Sometimes I scroll social media for a topic of conversation if the chat's stagnated a bit between DP and I. Anything from "look at this silly dog" to "what the hell is in the news now". Obviously getting out the phone mid-conversation is a bit rude though.
What do you want to talk about? When you're with loud extroverts or big talkers you can sometimes feel they control every single conversation but if you want to chat about something else you just have to go for it.
Personally I like to share anecdotes of what people I know have been up to, DP is less into it, our best conversations are about politics and arty stuff.
Talking about "us" or "family plans for the future" is not really casual relaxing chat to me, it's a Serious Conversation to bring up when neither of us needs to unwind and I'd rather not have those Serious Conversations that much.
You need to ban certain subjects as it’s winding you up.
I won’t go into why, but I no longer entertain any talk of my DH’s mother as the whole situation winds me up.
You two need to do some thing else together, you are understandably bored. What about a board game night or something ?
I think there is more to it....he talks and expects you to listen. You try to contribute to the conversation and he is not interested in what you have to say. It may have something to do with the lockdown situation...but maybe not.
I think I can see this from both sides.
Everyone is bored and have little to talk about.

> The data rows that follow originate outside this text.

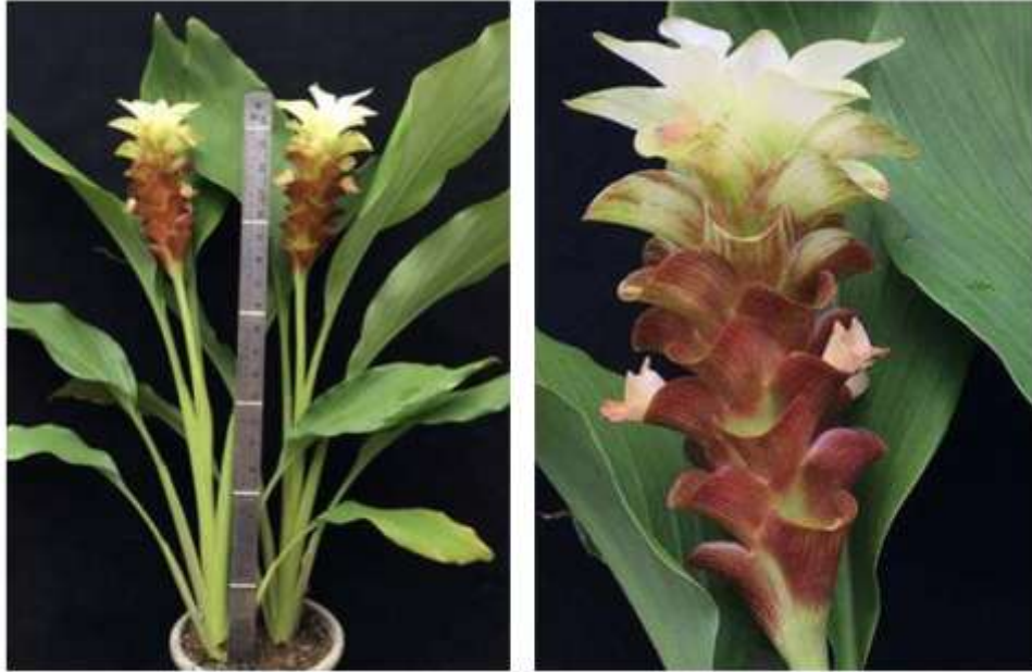
ไม้ดอกสกุลขมิ้น (ลูกผสมปทุมมา) พันธุ์เออาร์เอ็มเจ12 (ARMJ12)
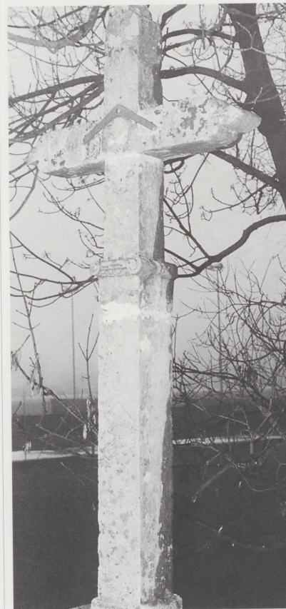
Croix de 1630.

œuvres remarquables, en bois de chêne, décorent une trentaine d'églises, dont celle du lieu.
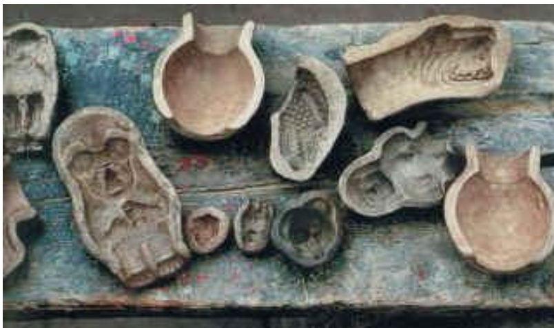
Slika 2. Antički kalup

Why not watch a film or series together and no phones. That way he isn't telling you about his friends parents problems or whatever (my dh is a little bit like this but he knows as I say 'oh I don't know those people or they are of a different generation)
How often do you want to discuss your relationship or future plans?
I perhaps could have expanded a little yesterday but I was feeling emotional. I think what upset me was that, when I challenged him and said "you've just started a conversation and now I'm contributing, you're rudely scrolling social media."
To which he sighed and shrugged his shoulders and carried on scrolling. I was feeling a bit emotional yesterday (don't want to deviate as to why) and I became tearful. He was sat right next to me in bed, looked at me, could see I was tearful and continued scrolling his SM feed.
I then asked him to leave as the whole situation just made me feel weird. I'd said him ignoring me had upset me, he shrugged it off and sighed, then continued ignoring me when I became further upset by his reaction.
I guess my point about the boring topics of conversation was that, despite me not wanting to talk abouy what he does, I'm still making the effort to listen and respond and then he treats me like I don't matter. Seems such a tiny thing, but for some reason, it has really upset me.
I think there is pent up frustration on both sides probably the same as a lot of us. When you are feeling less upset I'd tell him how his lack of interest made you feel. If your marriage is generally good I would just put this down to the horrible situation we are all in and make allowances for his behaviour. I've noticed myself and my husband have peaks and troughs - we're happily married but last week he was demoralised in school and came home feeling mentally drained. Im sure it will work out xx
Dh ignores it if me if I get emotional
So I tend to go out and do my own thing and then talk to him when I have composed myself. Men don't like to be criticised I find. It infuriates me
Oh I do that and my daughter told me off for it, didn’t mean I wasn’t listening although I did put the phone down and apologised, just a bad habit I’ve got into.